• **What to produce**
Write out, without any change, the lines in the material below that run from the line with "CSIR Young Scientist Awards 2019: The" through the line with "Affordable Housing Crisis.", both included.

• **Exercise material**
---

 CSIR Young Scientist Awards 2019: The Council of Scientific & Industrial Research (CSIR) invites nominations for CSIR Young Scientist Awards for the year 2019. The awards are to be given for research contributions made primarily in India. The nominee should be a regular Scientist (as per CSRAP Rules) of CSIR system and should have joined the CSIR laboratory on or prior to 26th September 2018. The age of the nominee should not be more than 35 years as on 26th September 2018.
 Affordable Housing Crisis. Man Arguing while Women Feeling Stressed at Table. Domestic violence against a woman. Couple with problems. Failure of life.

---

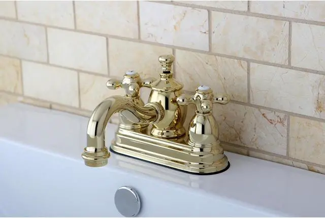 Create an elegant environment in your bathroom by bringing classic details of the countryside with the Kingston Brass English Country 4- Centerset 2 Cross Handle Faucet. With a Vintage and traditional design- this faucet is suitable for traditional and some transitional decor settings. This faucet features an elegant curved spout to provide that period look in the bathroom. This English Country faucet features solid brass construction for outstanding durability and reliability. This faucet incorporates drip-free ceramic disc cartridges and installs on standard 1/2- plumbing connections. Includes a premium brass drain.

---

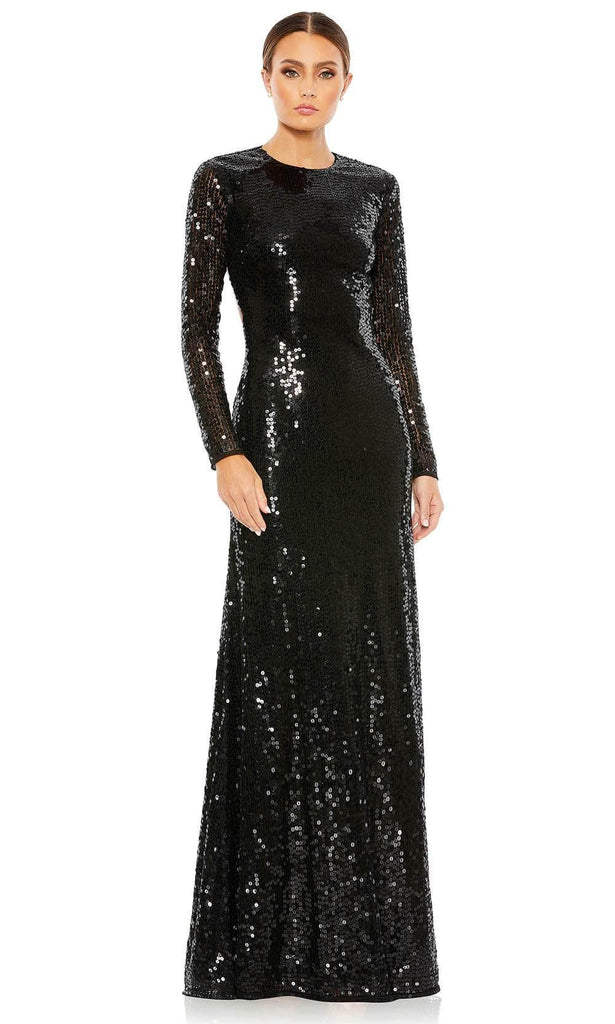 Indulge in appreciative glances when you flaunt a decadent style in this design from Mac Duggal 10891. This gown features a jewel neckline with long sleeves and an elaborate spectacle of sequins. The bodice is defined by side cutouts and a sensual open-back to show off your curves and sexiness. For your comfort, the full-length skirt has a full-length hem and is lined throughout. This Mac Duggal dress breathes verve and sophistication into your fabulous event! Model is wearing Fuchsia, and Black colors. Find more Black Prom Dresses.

---

• **Expected answer**
 CSIR Young Scientist Awards 2019: The Council of Scientific & Industrial Research (CSIR) invites nominations for CSIR Young Scientist Awards for the year 2019. The awards are to be given for research contributions made primarily in India. The nominee should be a regular Scientist (as per CSRAP Rules) of CSIR system and should have joined the CSIR laboratory on or prior to 26th September 2018. The age of the nominee should not be more than 35 years as on 26th September 2018.
 Affordable Housing Crisis. Man Arguing while Women Feeling Stressed at Table. Domestic violence against a woman. Couple with problems. Failure of life.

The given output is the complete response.